1. If edge weights are distinct then there exist unique MST.

2. If for every cut of a graph there is a unique light edge crossing the cut then the graph has a unique minimum spanning tree but converse may not be true.

Proof by contradiction:
Lemma: If an edge $e$ is contained in some minimum spanning tree, then it is a minimum cost edge crossing some cut of the graph.

Assume MST is not unique and there exist two MST's  $T_1$ and $T_2$
Suppose $e_1∈T_1$ but $e_1 \notin T_2$, if we remove $e_1$ from $T_1$, then we will have disconnected graph with two set of vertices $V_1$ and $V_2$. According to lemma $e_1$ is a minimum cost edge in the cut between $V_1$ and $V_2$.
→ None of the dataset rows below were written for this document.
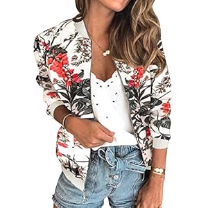 Clothing, Coats, Jackets & Vests, Women's FashionECOWISH Women’s Casual Floral Zip Up Inspired Bomber Jacket Leopard Coat Stand Collar Lightweight Short Outwear Tops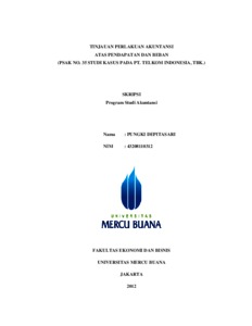 DEPITASARI, PUNGKI (2021) TINJAUAN PERLAKUAN AKUNTANSI ATAS PENDAPATAN DAN BEBAN (PSAK NO. 35 STUDI KASUS PADA PT. TELKOM INDONESIA, TBK. S1 thesis, Universitas Mercu Buana Jakarta.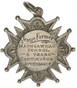 MAUNGAWHAU SCHOOL, fob medal, uniface, struck in silver (27x27mm), no maker, ring top suspension, obverse inscribed 'Jessie Farmer/Maungawhau/School/6 Years/Continuous/Attendance', reverse inscribed 'With the/Compliments/of the/Mt.Eden School/Committee/April ...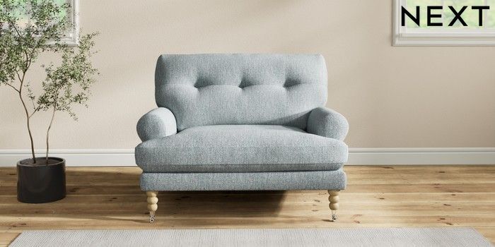 7.2.10 Erin Buttoned Back Deep Relaxed Sit Snuggle Chunky Weave Mid Blue High Classic Turned Chrome Castor - Light | Made Click here to use our website with more accessibility support, for example screen readers
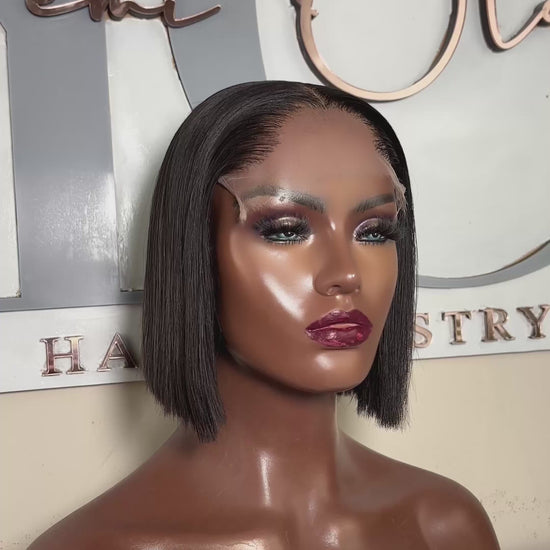 This cropped bob sits gracefully along the chin, perfectly framing the face with a clean, modern silhouette. Crafted from 100% raw human hair in a natural colour (1B), it offers a healthy, lustrous finish that complements every skin tone.
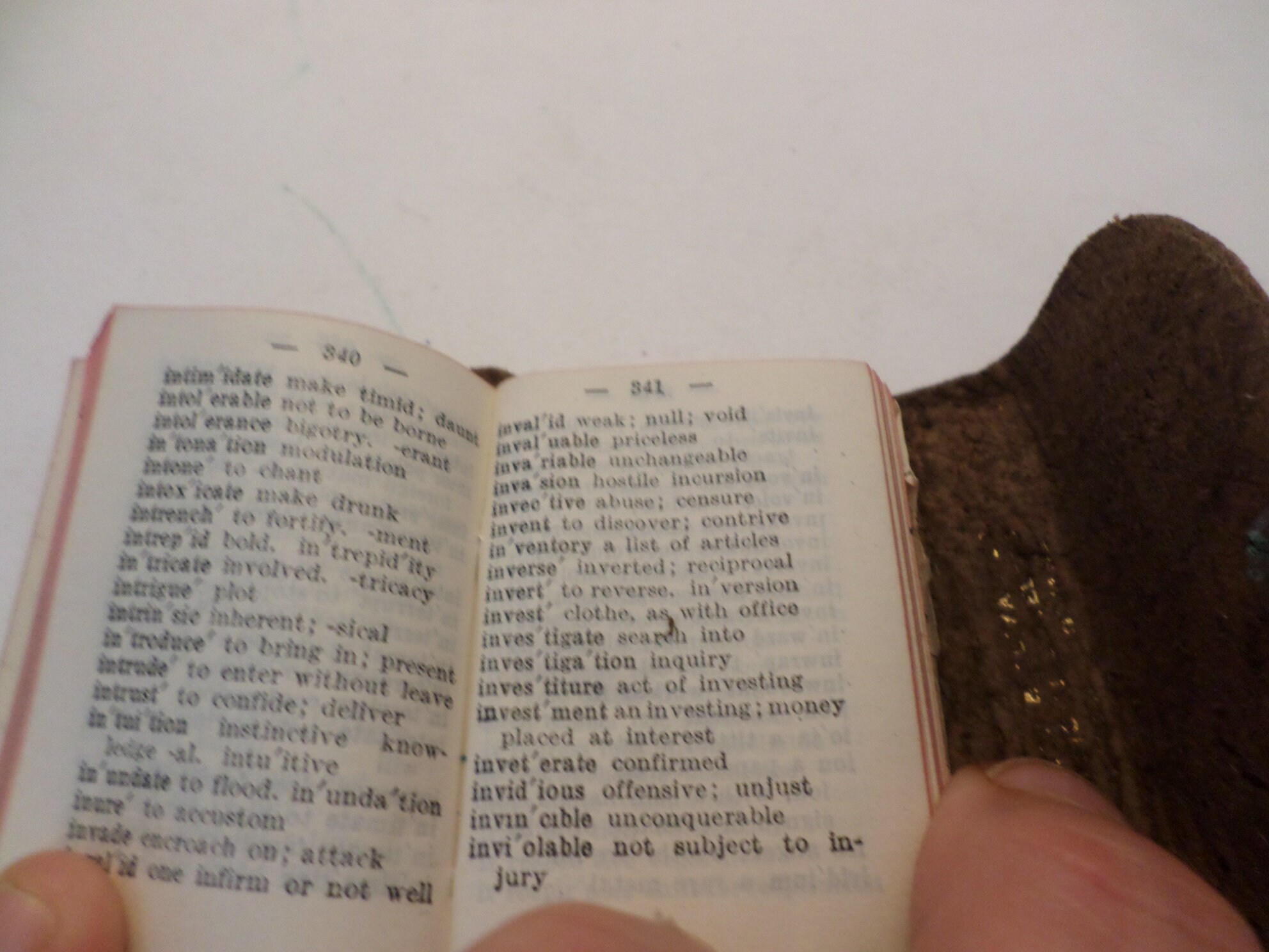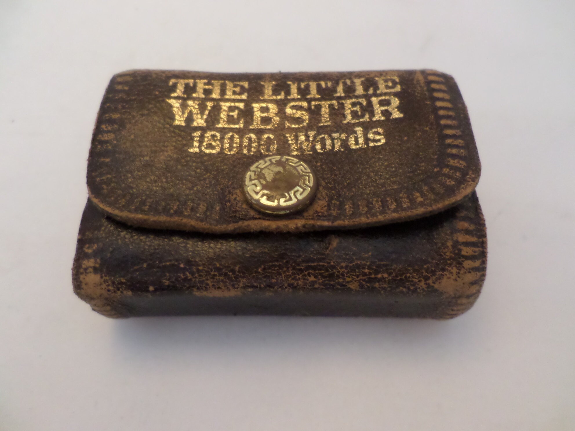 Vintage 1.5" by 2" leather wraped with snap front 1800 work dictionary, The Little Webster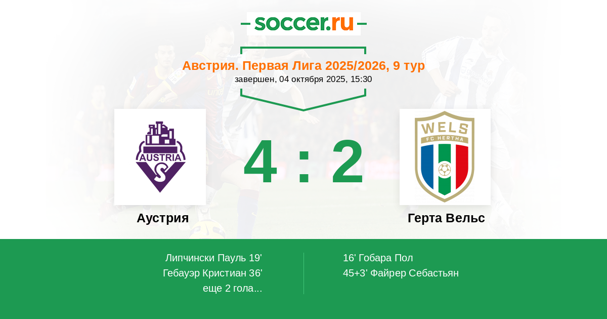 Аустрия - Герта Вельс: обзор матча 4 октября 2025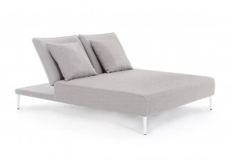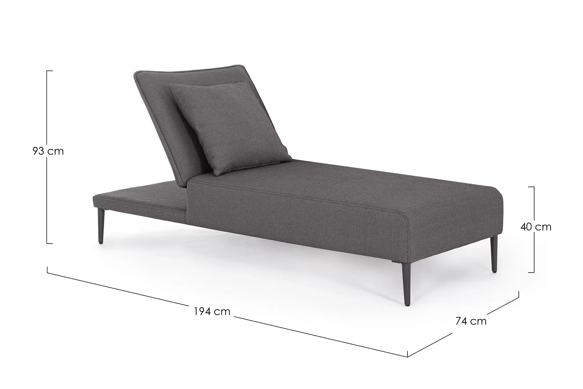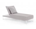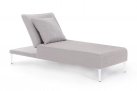 Nowoczesny leżak wykonany w całości z aluminium z regulowanym pochyleniem oparcia.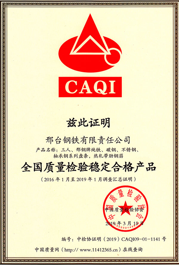 三人、邢鋼牌純鐵、碳鋼、不銹鋼、軸承鋼系列盤(pán)條,熱軋帶肋鋼筋產(chǎn)品,被評(píng)為全國(guó)質(zhì)量檢驗(yàn)穩(wěn)定合格產(chǎn)品。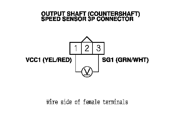 9. Measure the voltage between output shaft (countershaft) speed sensor 3P connector terminals No. 1 and No. 3.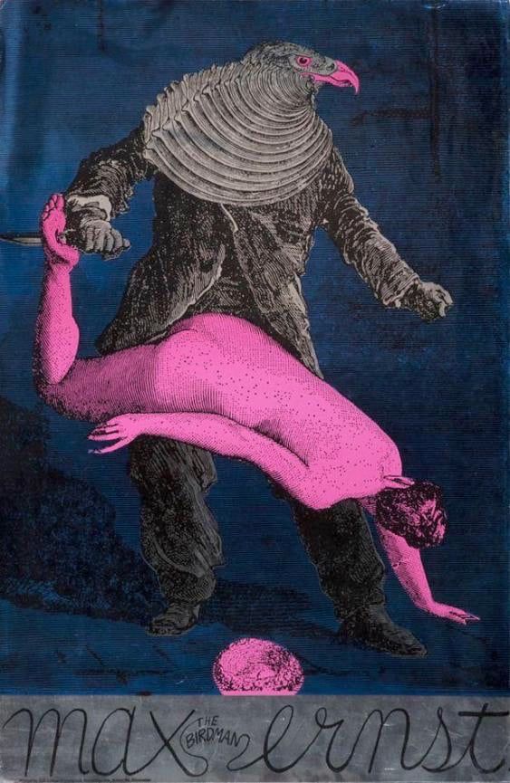 Ο Μαξ Έρνστ [1891-1976] γερμανικής καταγωγής πρωτοπήγε στο Παρίσι σε ηλικία 22 ετών το 1913, ενώ το 1958 πήρε την γαλλική υπηκοότητα αν και πολέμησε τους Γάλλους στον Α’ Παγκόσμιο Πόλεμο. Δε σπούδασε ζωγραφική αλλά φιλοσοφία και ψυχολογία στη Βόννη. Γνωρίστηκε με τον Άουγκουστ Μάκε, τον Χανς Άρπ, τον Πικάσο, τον Κλέε, τον Ντε Κίρικο. Ήταν επικεφαλής του Νταντά Κολωνίας με το ψευδώνυμο Ντάνταμαξ. Όντας έξω από το καλλιτεχνικό κατεστημένο ενδιαφέρθηκε ιδιαίτερα για την τέχνη των ψυχωσικών, τους οποίους επισκεπτόταν συχνά και συνομιλούσε μαζί τους. Αμέλησε όμως την ακαδημαϊκή του σταδιοδρομία και την εγκατέλειψε. Εγκαταστάθηκε οριστικά στο Παρίσι το 1922 και εντάχθηκε αργότερα στο σουρεαλιστικό κίνημα στο οποίο συνεισέφερε, εκτός των άλλων, το φροτάζ που ο ίδιος επινόησε, μια τεχνική που το αποτέλεσμά της είναι το ‘’αντικειμενικά τυχαίο’’ που ενεργοποιεί τη φαντασία του καλλιτέχνη. Δημιούργησε και τη «νουβέλα με κολάζ» που πλησιάζει τη φόρμα του κόμικ. Και παρόλο που εγκατέλειψε το σουρεαλιστικό κίνημα το 1938 συνέχισε την πορεία του χωρίς να αλλάξει το ύφος του και όταν παντρεύτηκε την Πέγκυ Γκούγκενχαϊμ και μετανάστευσε στην Αμερική συνδέθηκε ξανά στενά με τον Μπρετόν. Υπήρξε ιδιαίτερα ερωτικός άνθρωπος και καλλιτέχνης. Για ένα διάστημα αποτέλεσαν τρίο με την Γκαλά και τον Ελυάρ, ενώ μετά το σοβαρό ψυχωσικό επεισόδιο που παρουσίασε η πρώτη σύντροφός του Λεονόρα Κάρινγκτον με την οποία είχε μια θυελλώδη ερωτική σχέση, που εκδηλώθηκε όταν την εγκατέλειψε και χρειάστηκε να εγκλειστεί σε ψυχιατρική κλινική, έκανε δεσμό με την Λεονόρ Φινί μια ζωγράφο με παραισθητικό σεξουαλικό στυλ, αν και παρέμεινε στο περιθώριο του κινήματος αντίθετα με την Δωροθέα Τάννινγκ που γνώρισε το σουρεαλισμό από τον Έρνστ στην Αμερική και κατέκτησε κεντρική θέση σ’ αυτόν.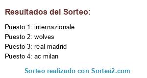 Lista de participantes: real madrid, wolves, internazionale, ac milan.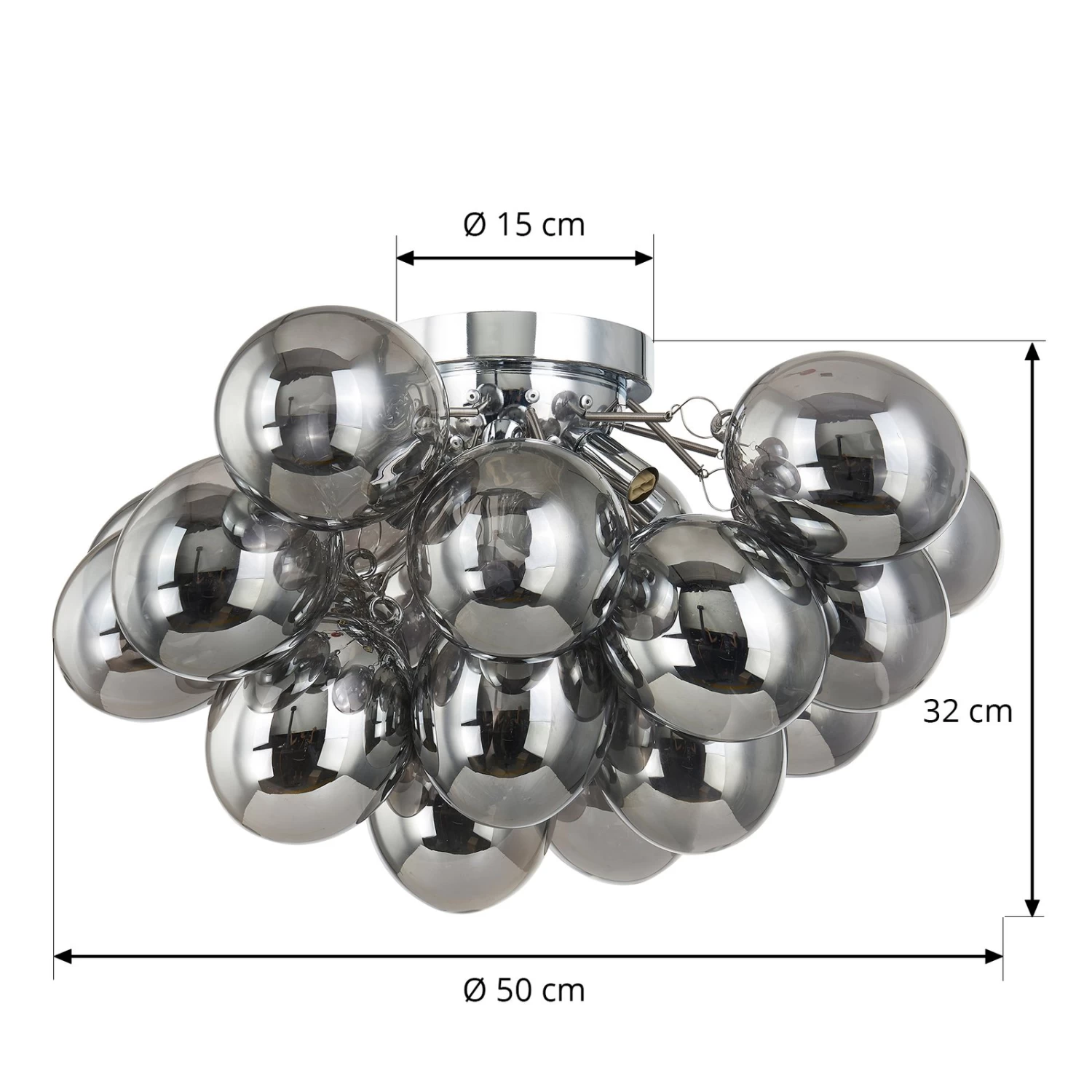 Deckenleuchte Diborah mit rauchgrauen Glaskugeln als Lampenschirme

Suppose $e_2∈T_2$ but $e_2 \notin T_1$, if we remove $e_2$ from $T_2$, then we will have disconnected graph with two set of vertices $V_1$ and $V_2$. According to lemma $e_2$ is a minimum cost edge in the cut between $V_1$ and $V_2$.

Because the minimum cost edge is unique implies $e_1$ and $e_2$ is the same edge. $e_1 \in T_2$ and $e_2 \in T_1$. We have chosen $e_1$ at random, of all edges in $T_1$, also in $T_2$ and same for $e_2$. As a result, the MST is unique.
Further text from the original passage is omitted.